*DATA SHOWN*:

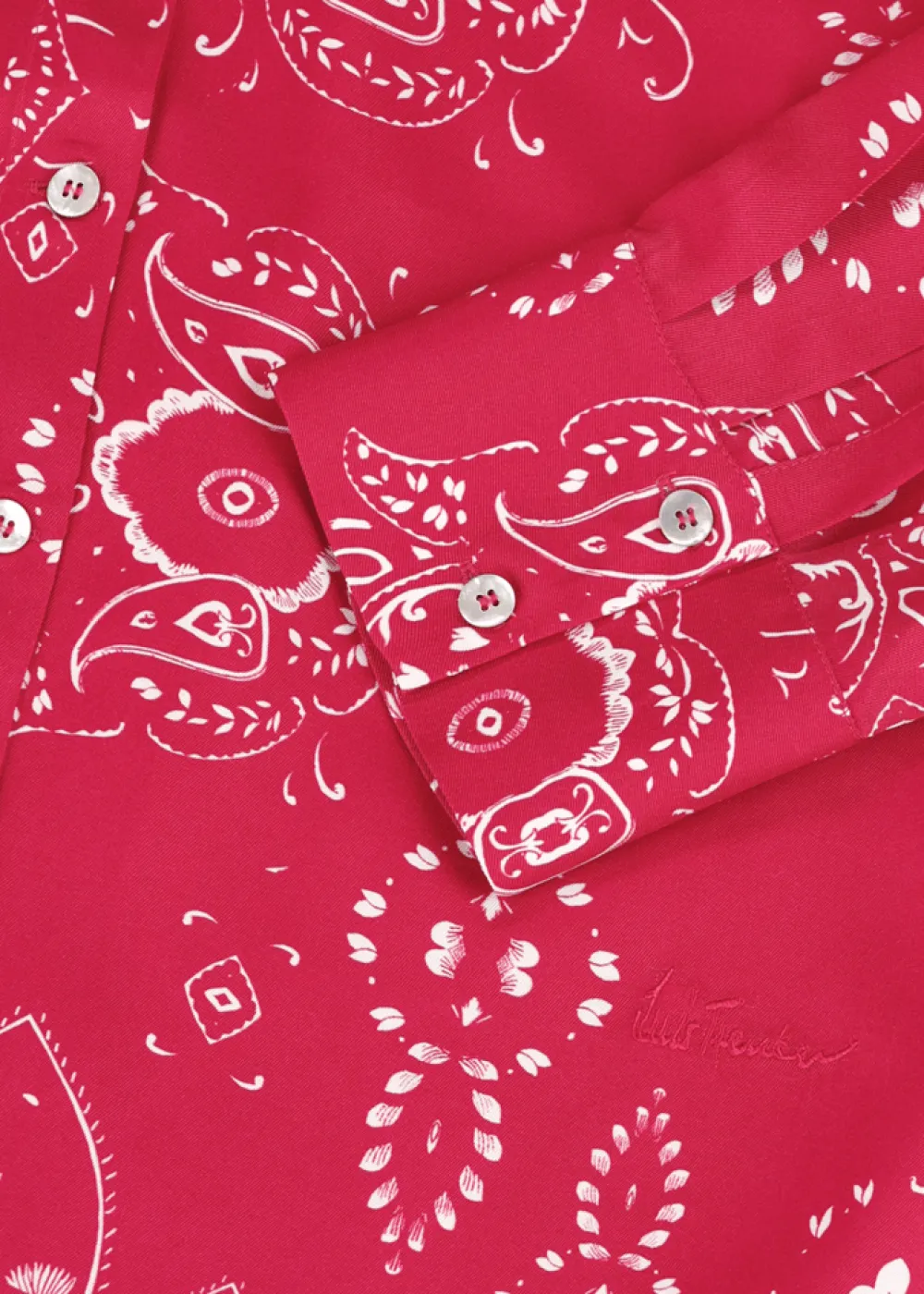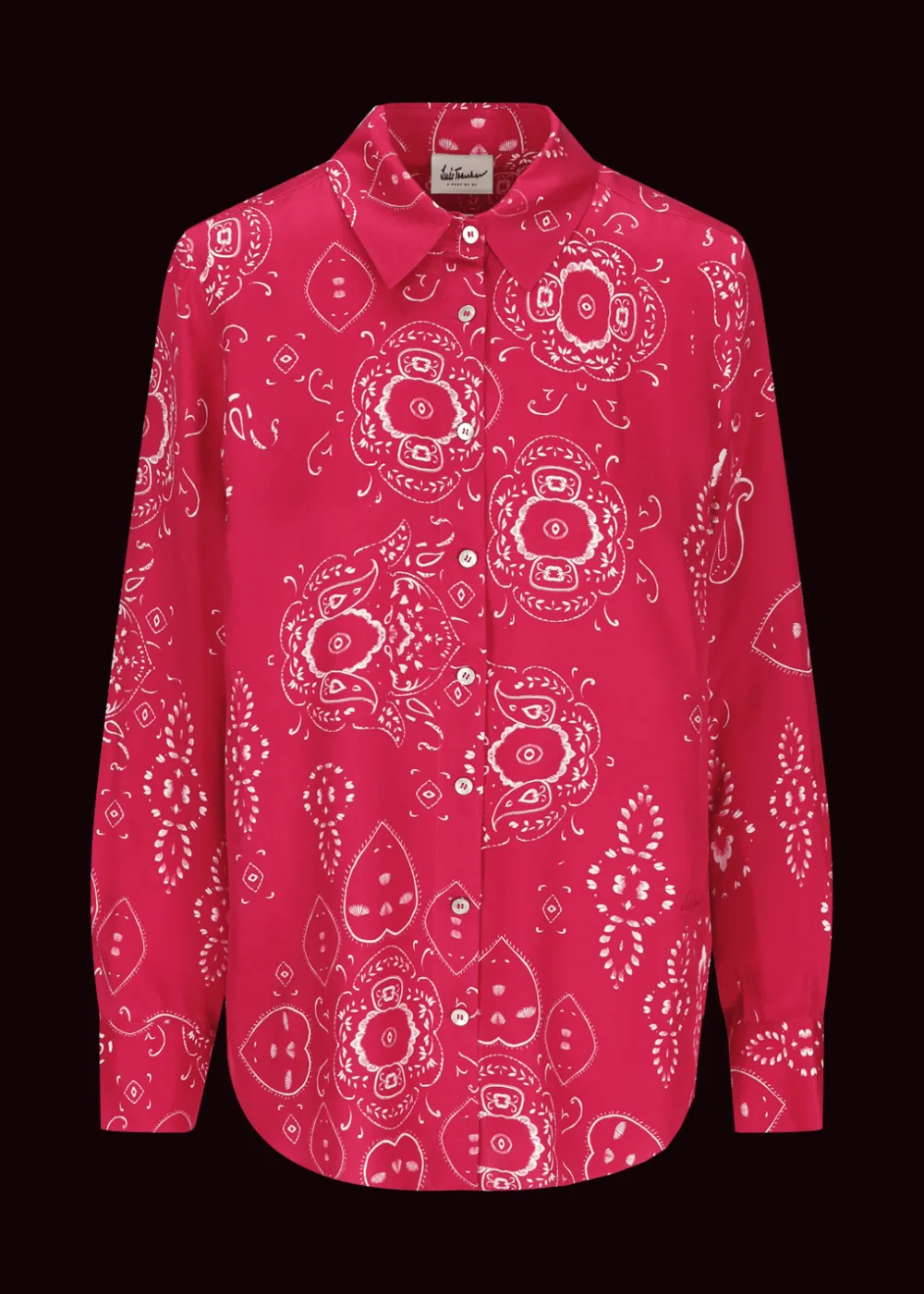 - Diese durchgeknöpfte Bluse im Comfort Fit mit klassischem Kentkragen besteht aus reiner Viskose mit exklusiv für Luis Trenker designtem Bandana-Print. Ihre edel schimmernden Knöpfe aus echtem Perlmutt verleihen ihr zudem eine elegante Note.
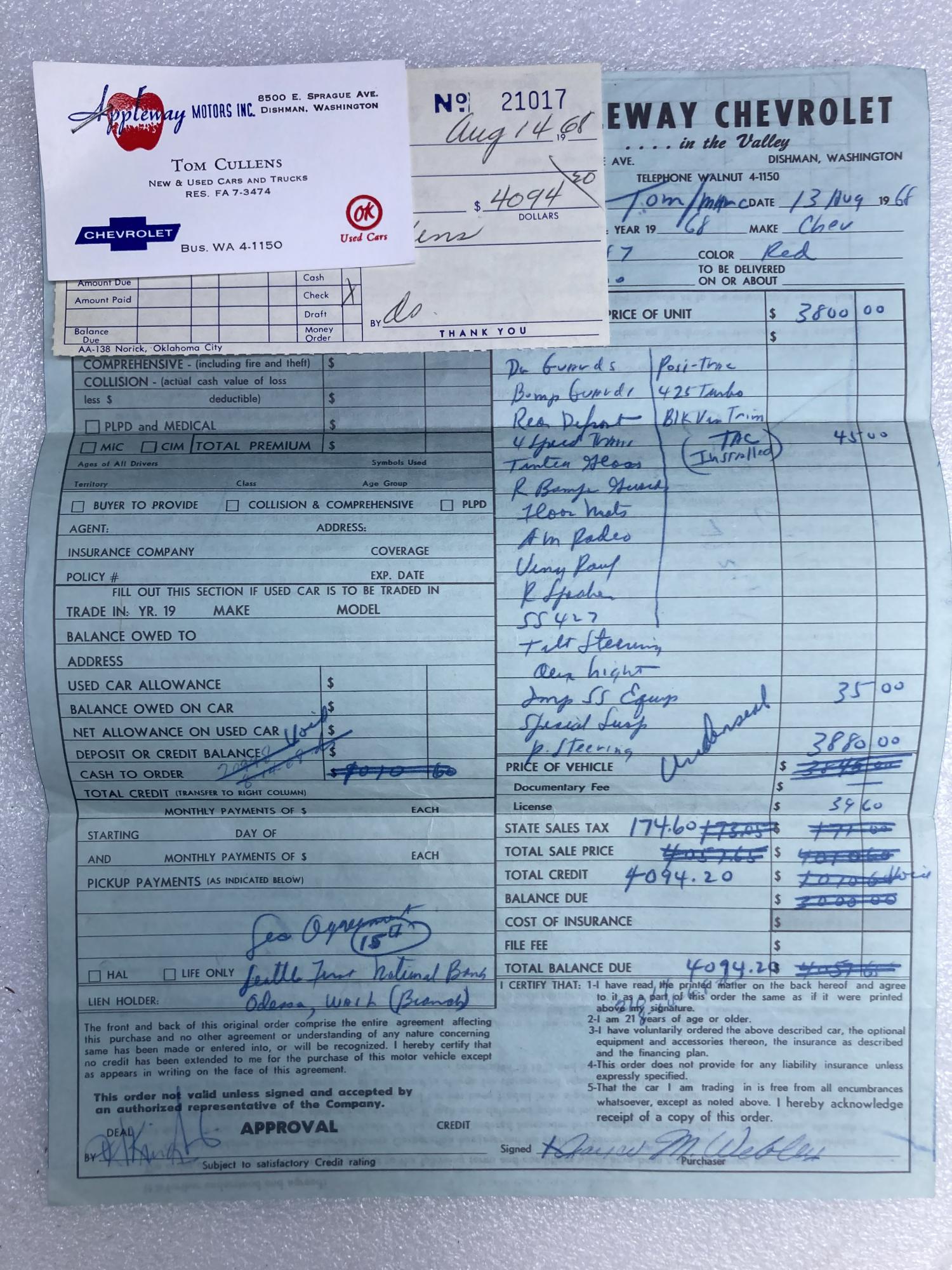The family has decided to sell Mom’s L72 and I’ve put it on Bring A Trailer for them. Perfectly optioned when new in Matador Red on Black with 425hp 427, 4 speed, F41 suspension, Z24 SS427 package, Z03 bucket seat trim, tilt steering, vinyl top, etc. Original dealer paperwork, Protect O Plate. Engine block, transmission, and rearend stampings all match POP. Original block, exhaust manifolds (smog removed, holes plugged), valve covers and 1100814 37A distributor dated 8A9. Correct 1111170 distributor with later 4C29 date code. Heads are now ‘66 3872702 oval ports with Dec ‘65 casting dates topped by a Holley Street Dominator manifold. Carb is a ‘69 spec 4346 Holley with later 4 digit code. Transmission is an M21 stamped P8A11 and the rearend is a 12 bolt 3.55 posi stamped DK215G1.
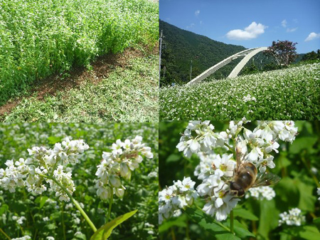 播種してから40日、満開間近の青根原蕎麦畑。蜜蜂が飛び交い受粉を助けます。
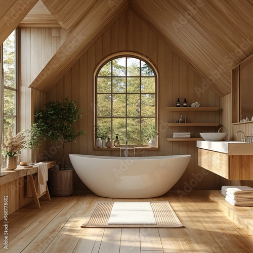 Modern Wooden Bathroom with Freestanding Bathtub and Window View
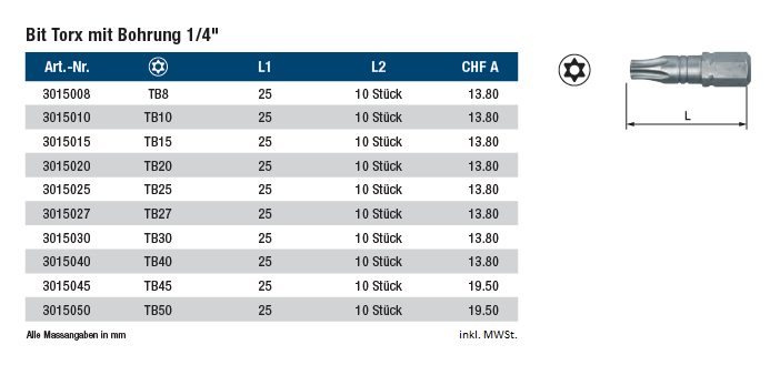Bit STARCH TX mit Bohrung 1/4", S2 Qualität, verchromt TB40x25 1/4"
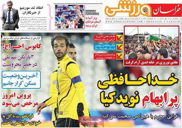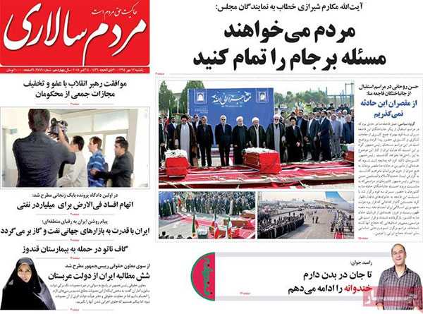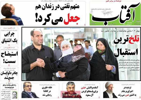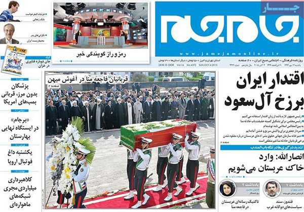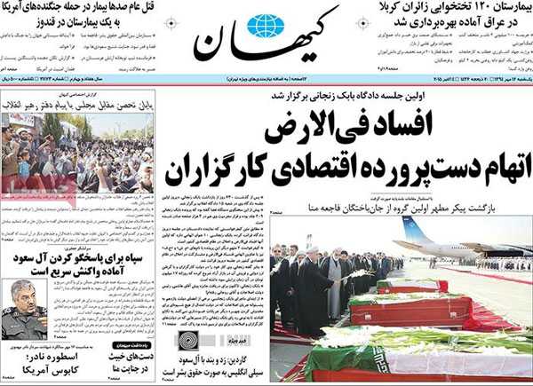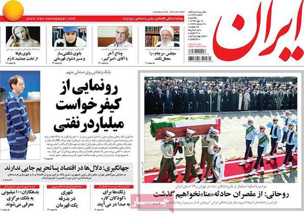 روزنامه های امروز یکشنبه ۱۲ مهر ۹۴ چه منتشر کردند؟ تیتر و عناوین مهم روزنامه های رسمی صبح کشور به موضوعات : آتش سوزی در وزارت کشور ، اتهام میلیاردی نفتی به متهم ب.ز ، آمادگی سپاه برای پاسخ به آل سعود ، فاجعه منا در عربستان ، درگذشت هادی نوروزی ، برجام ، کاهش نرخ سود بانکی و.. پرداخته است.
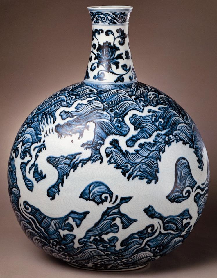 明代永宣两朝的30余年里烧造的青花瓷,在青花瓷烧造历史上堪称稀世珍品。其异域风格的造型、浓重明艳的呈色、超凡脱俗的纹饰,被后人赞誉为“发旷古之未有,开一代之奇葩”。永宣青花瓷代表了中国青花瓷制作的最高水平,它既不同于元青花瓷的热烈奔放,又有别于中晚明青花的典雅稚拙,更不同于清前期青花的明艳华美,它所体现的审美层次崇高而神圣,具有深邃无边的艺术底蕴。
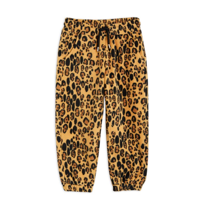 mini rodini leopard fleece trousers in beige. made with 100% recycled polyester, these pants feature an all-over leopard print, adjustable elastic waistband, and elastic cuffs. decorative rear pocket with a mini rodini panther label adds a playful touch.
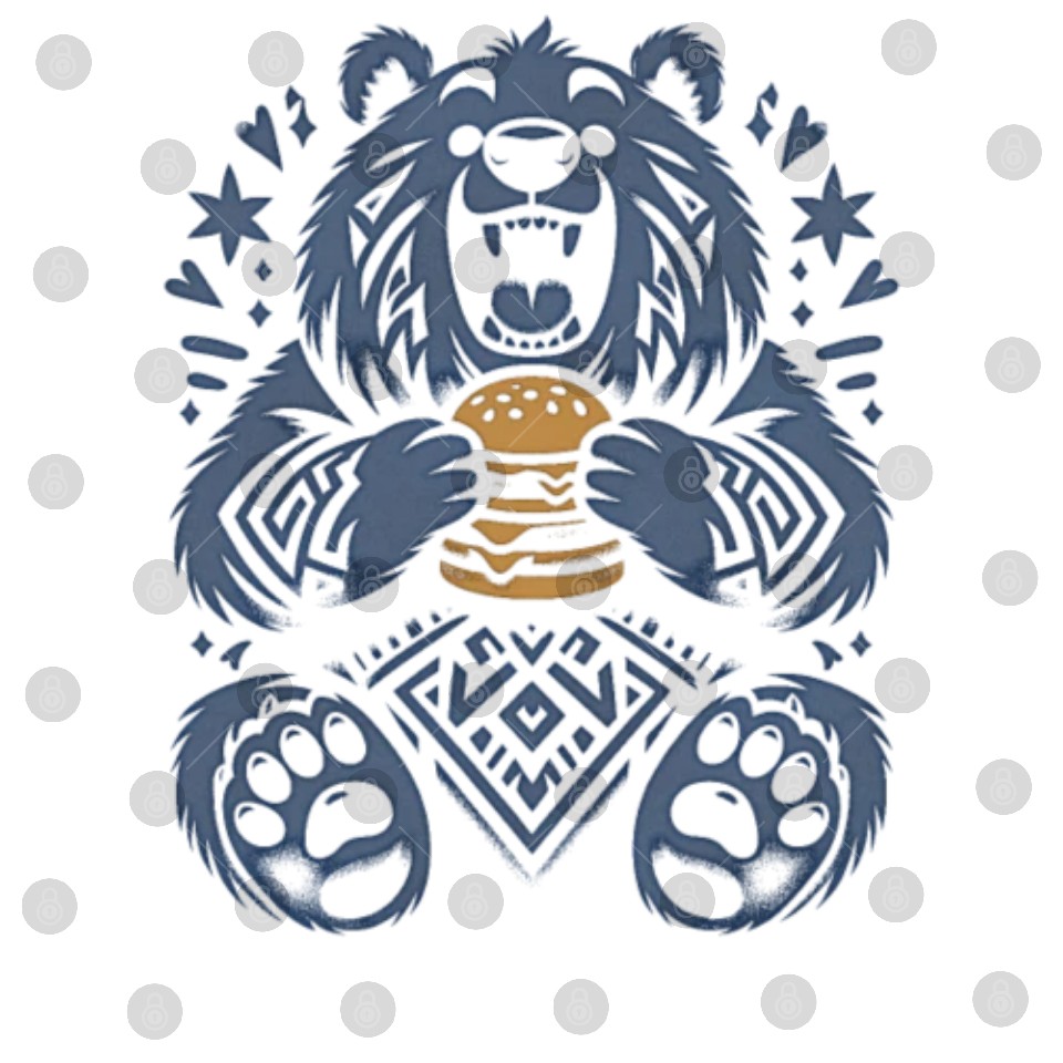 You are seeing a unique and impressive product Cute Grizzly with Hamburger, Blue Digital Files For WHITE belong theme Digital Files at Printblur
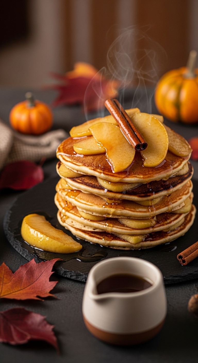 Spoon warm caramelized apples over the stack and drizzle with extra pan sauce or maple syrup. Add a spoonful of Greek yogurt or whipped cream. Pair with hot tea or spiced coffee. Keep leftovers refrigerated up to 2 days; reheat apples gently on the stovetop.
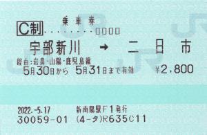 新南陽駅改札付近のみどりの窓口発行の乗車券です。
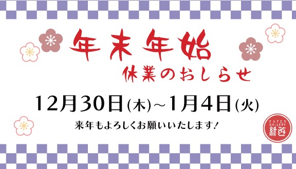 誠に勝手ながら、年末年始休業日を下記のとおりとさせていただきます。
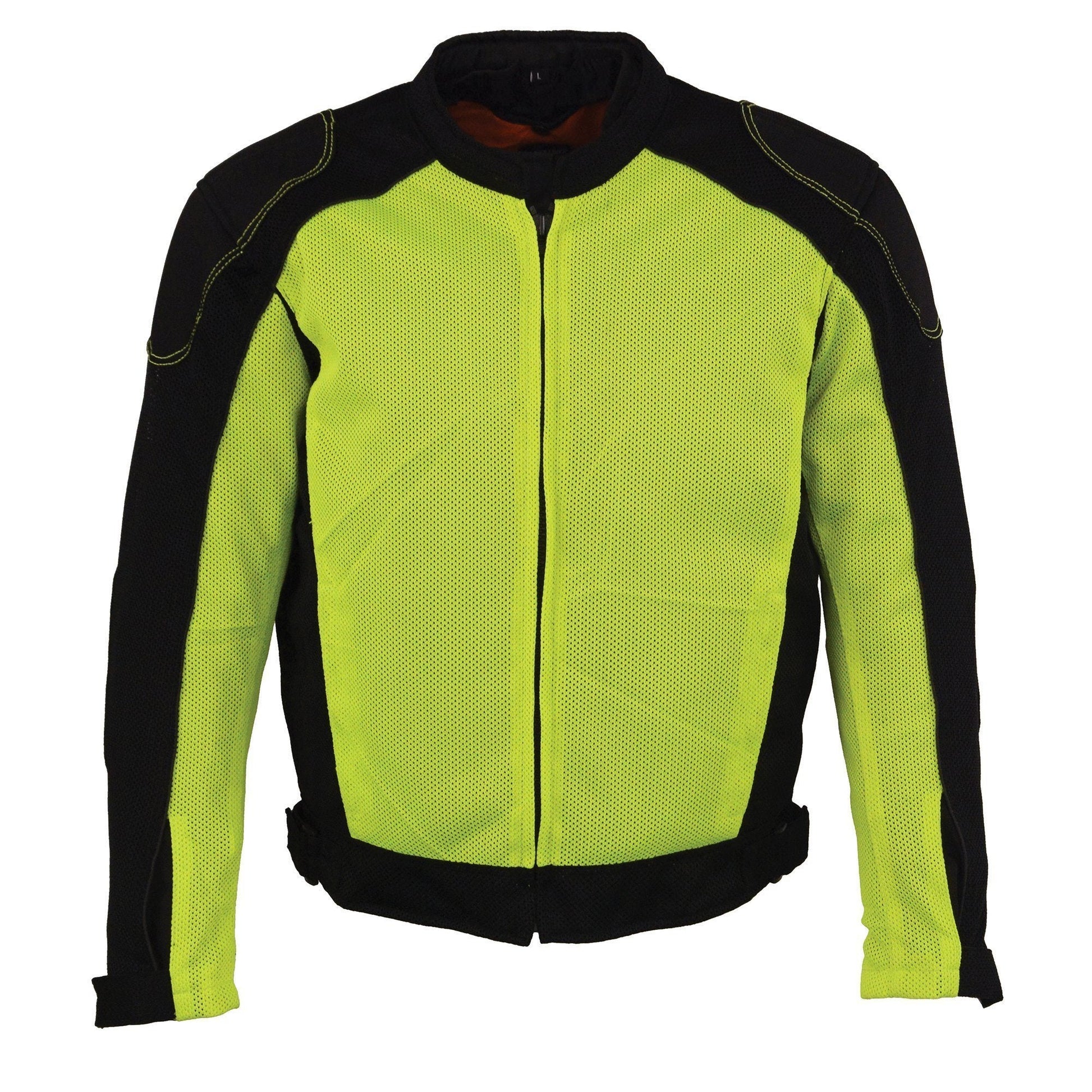 Milwaukee Leather MPM1790 Men's Black and Neon Green Hi Vis Mesh Racer Armored Jacket with Removable Rain Jacket
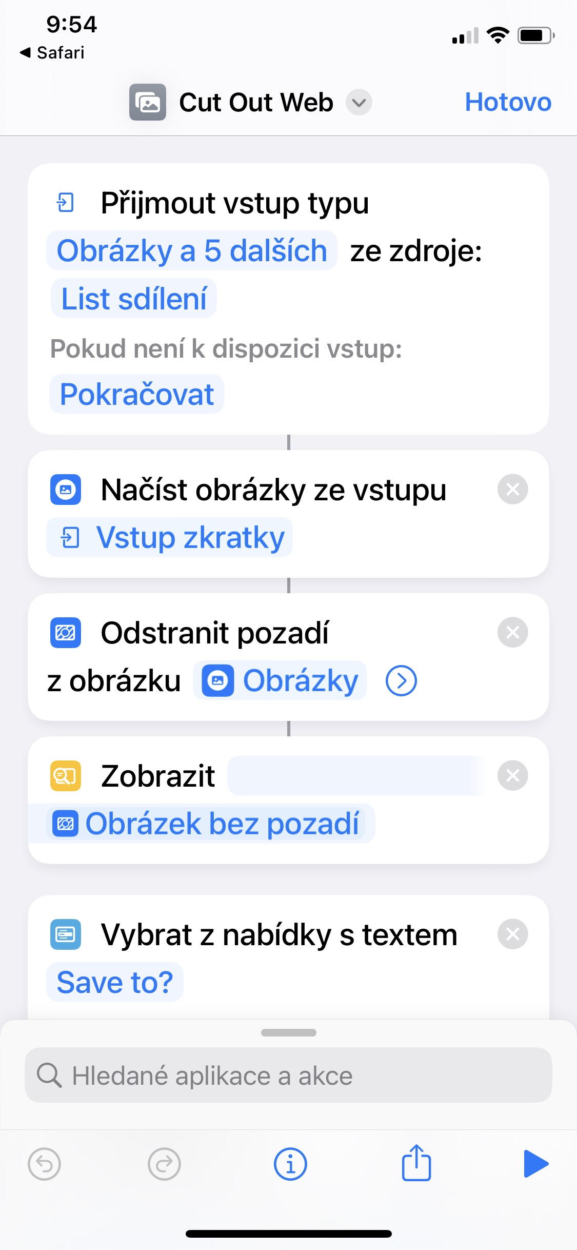 Velice užitečná zkratka s názvem Cut out Web vám umožní prakticky na jakékoliv webové stránce vybrat fotografii, která vás nějakým způsobem zaujala, a po aktivaci zkratky z listu sdílení z této fotografie zkratka okamžitě a automaticky odstraní pozadí a v závislosti na vaší volbě výslednou fotografii uloží do fotogalerie vašeho iPhonu, do nativních Souborů nebo na jiné vybrané úložiště.

*EXERCISE GOAL*:
Copy the data in full. No pictures belong in the copy.

*EXERCISE ANSWER*:
 - Diese durchgeknöpfte Bluse im Comfort Fit mit klassischem Kentkragen besteht aus reiner Viskose mit exklusiv für Luis Trenker designtem Bandana-Print. Ihre edel schimmernden Knöpfe aus echtem Perlmutt verleihen ihr zudem eine elegante Note.
The family has decided to sell Mom’s L72 and I’ve put it on Bring A Trailer for them. Perfectly optioned when new in Matador Red on Black with 425hp 427, 4 speed, F41 suspension, Z24 SS427 package, Z03 bucket seat trim, tilt steering, vinyl top, etc. Original dealer paperwork, Protect O Plate. Engine block, transmission, and rearend stampings all match POP. Original block, exhaust manifolds (smog removed, holes plugged), valve covers and 1100814 37A distributor dated 8A9. Correct 1111170 distributor with later 4C29 date code. Heads are now ‘66 3872702 oval ports with Dec ‘65 casting dates topped by a Holley Street Dominator manifold. Carb is a ‘69 spec 4346 Holley with later 4 digit code. Transmission is an M21 stamped P8A11 and the rearend is a 12 bolt 3.55 posi stamped DK215G1.
 播種してから40日、満開間近の青根原蕎麦畑。蜜蜂が飛び交い受粉を助けます。
 Modern Wooden Bathroom with Freestanding Bathtub and Window View
Bit STARCH TX mit Bohrung 1/4", S2 Qualität, verchromt TB40x25 1/4"
 روزنامه های امروز یکشنبه ۱۲ مهر ۹۴ چه منتشر کردند؟ تیتر و عناوین مهم روزنامه های رسمی صبح کشور به موضوعات : آتش سوزی در وزارت کشور ، اتهام میلیاردی نفتی به متهم ب.ز ، آمادگی سپاه برای پاسخ به آل سعود ، فاجعه منا در عربستان ، درگذشت هادی نوروزی ، برجام ، کاهش نرخ سود بانکی و.. پرداخته است.
 明代永宣两朝的30余年里烧造的青花瓷,在青花瓷烧造历史上堪称稀世珍品。其异域风格的造型、浓重明艳的呈色、超凡脱俗的纹饰,被后人赞誉为“发旷古之未有,开一代之奇葩”。永宣青花瓷代表了中国青花瓷制作的最高水平,它既不同于元青花瓷的热烈奔放,又有别于中晚明青花的典雅稚拙,更不同于清前期青花的明艳华美,它所体现的审美层次崇高而神圣,具有深邃无边的艺术底蕴。
 mini rodini leopard fleece trousers in beige. made with 100% recycled polyester, these pants feature an all-over leopard print, adjustable elastic waistband, and elastic cuffs. decorative rear pocket with a mini rodini panther label adds a playful touch.
 You are seeing a unique and impressive product Cute Grizzly with Hamburger, Blue Digital Files For WHITE belong theme Digital Files at Printblur
 Spoon warm caramelized apples over the stack and drizzle with extra pan sauce or maple syrup. Add a spoonful of Greek yogurt or whipped cream. Pair with hot tea or spiced coffee. Keep leftovers refrigerated up to 2 days; reheat apples gently on the stovetop.
 新南陽駅改札付近のみどりの窓口発行の乗車券です。
 誠に勝手ながら、年末年始休業日を下記のとおりとさせていただきます。
 Milwaukee Leather MPM1790 Men's Black and Neon Green Hi Vis Mesh Racer Armored Jacket with Removable Rain Jacket
 Velice užitečná zkratka s názvem Cut out Web vám umožní prakticky na jakékoliv webové stránce vybrat fotografii, která vás nějakým způsobem zaujala, a po aktivaci zkratky z listu sdílení z této fotografie zkratka okamžitě a automaticky odstraní pozadí a v závislosti na vaší volbě výslednou fotografii uloží do fotogalerie vašeho iPhonu, do nativních Souborů nebo na jiné vybrané úložiště.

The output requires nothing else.